Social Distancing is a new terminology that became a popular term since mid-2020, after a global hit and pandemic by the new generation of the coronavirus (COVID-19). Social distancing is the act of maintaining a safe distance (equal to 6 feet or 2 meters) between individuals as a recommended solution by the World Health Organisation (WHO) to minimise the spread of COVID-19 in public places.
By the end of 2020, the majority of governments and national health authorities have set the 2-meter physical distancing as a mandatory measure in shopping centres, schools, pubs, restaurants, and public places.
Social DistancingCOVID-19Human DetectionPeople DetectionTrackingDistance EstimationConvolutional Neural Networks
Social Distancing, as shown in Figure 1.a [1] refers to precaution actions to prevent the proliferation of the disease, by minimising the proximity of human physical contacts in crowded public places (e.g. schools, workplaces, gyms, lecture theatres, pubs, restaurants) to stop the widespread accumulation of the infection risk (Figure 1.b) [1].
Figure 2 demonstrates the effect of following appropriate social distancing guidelines to reduce the rate of infection transmission among individuals [2][3]. A wider Gaussian curve with a shorter spike within the range of the health system service capacity makes it easier for patients to fight the virus by receiving continuous and timely support from the health care organisations. Any unexpected sharp spike and rapid infection rate (such as the red curve in Figure 2), will lead to a service failure, and consequently, exponential growth in the number of fatalities.
During the COVID-19 pandemic, governments have tried to implement a variety of social distancing practices, such as restricting travels, controlling borders, closing pubs and bars, and alerting the society to maintain a distance of 1.6 to 2 m from each other [4]. However, monitoring the amount of infection spread and efficiency of the constraints is not an easy task. People require to go out for essential needs such as food, health care and other necessary tasks and jobs. Therefore, many other technology-based solutions such as [5][6] and AI-related research such as [7][8][9] have tried to step in to help the health and medical community in copping with COVID-19 challenges and successful social distancing practices. These works vary from GPS-based patient localisation and tracking to segmentation, and crowd monitoring.

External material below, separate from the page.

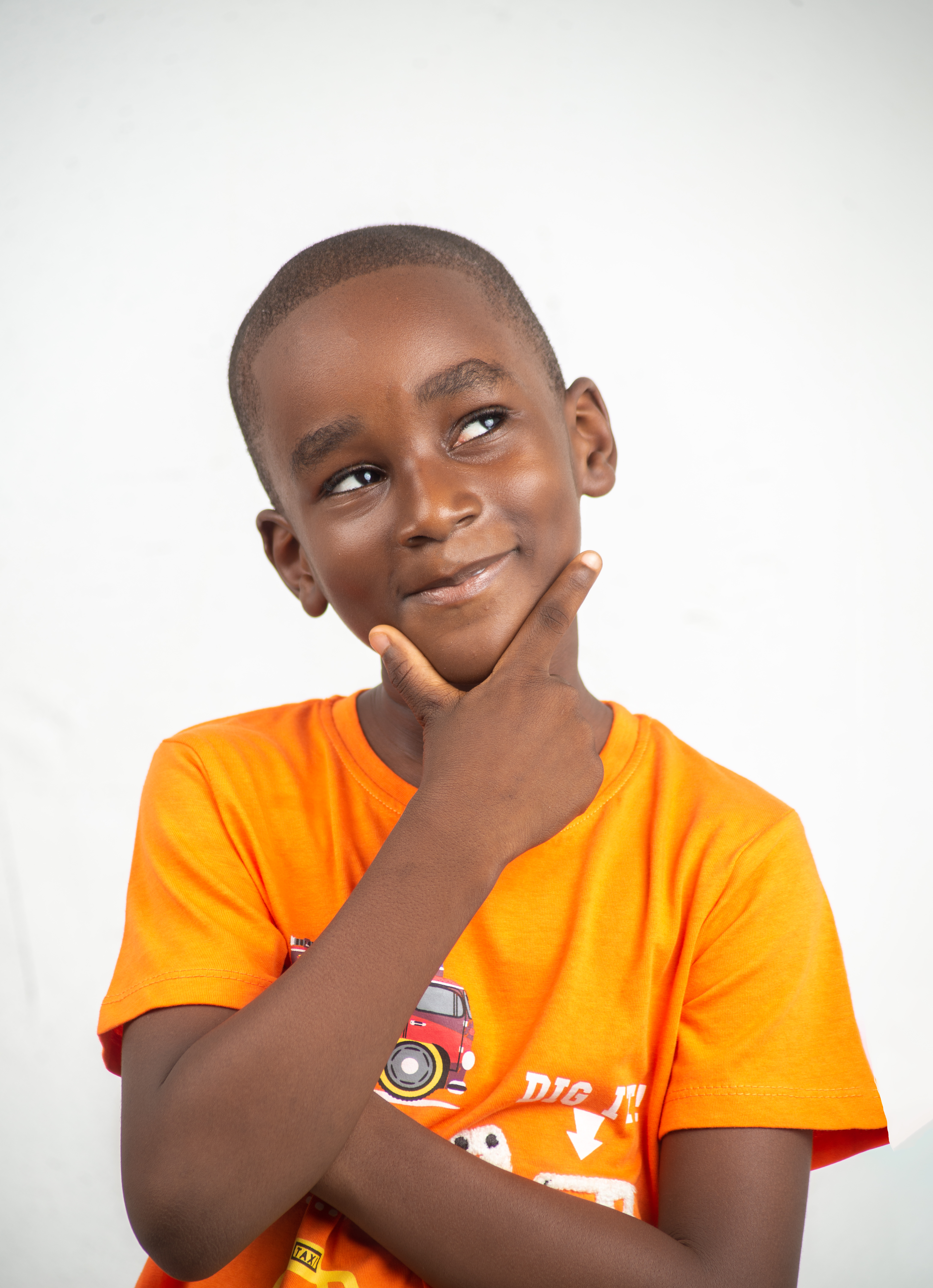 Happy Nigerian Boy Child Hands on Chicks Thinking

Video 1: DeepSOCIAL by Rezaei and Azarmi. Reference [1]
Video 1 from [1] demonstrates the important role of Computer Vision and Artificial Intelligence in facilitating social distancing monitoring. The research shows how deep neural networks enable us to extract complex features from the image data so that we reach very accurate information about the people behaviour and distances. Possible challenges in this area are the importance of gaining a high level of accuracy, dealing with a variety of lighting conditions, occlusion, and real-time performance. As one of the most comprehensive works done so far, the research [1] aims at providing solutions to cope with the mentioned challenges. We have summarised and highlighted the main contribution of this research as follows:
• This study aims to support the reduction of the coronavirus spread and its economic costs by providing an AI-based solution to automatically monitor and detect violations of social distancing among individuals.
• The research develops a robust deep neural network (DNN) model for people detection, tracking, and distance estimation called DeepSOCIAL with more accurate results comparing to earlier research such as in [9]
• The study performs a live and dynamic risk assessment, by statistical analysis of Spatio-temporal data from the people movements at the scene. Their method tracks the moving trajectory of people and their behaviours, to analyse the ratio of the social distancing violations to the total number of people in the scene, and detects high-risk zones for short- and long-term periods.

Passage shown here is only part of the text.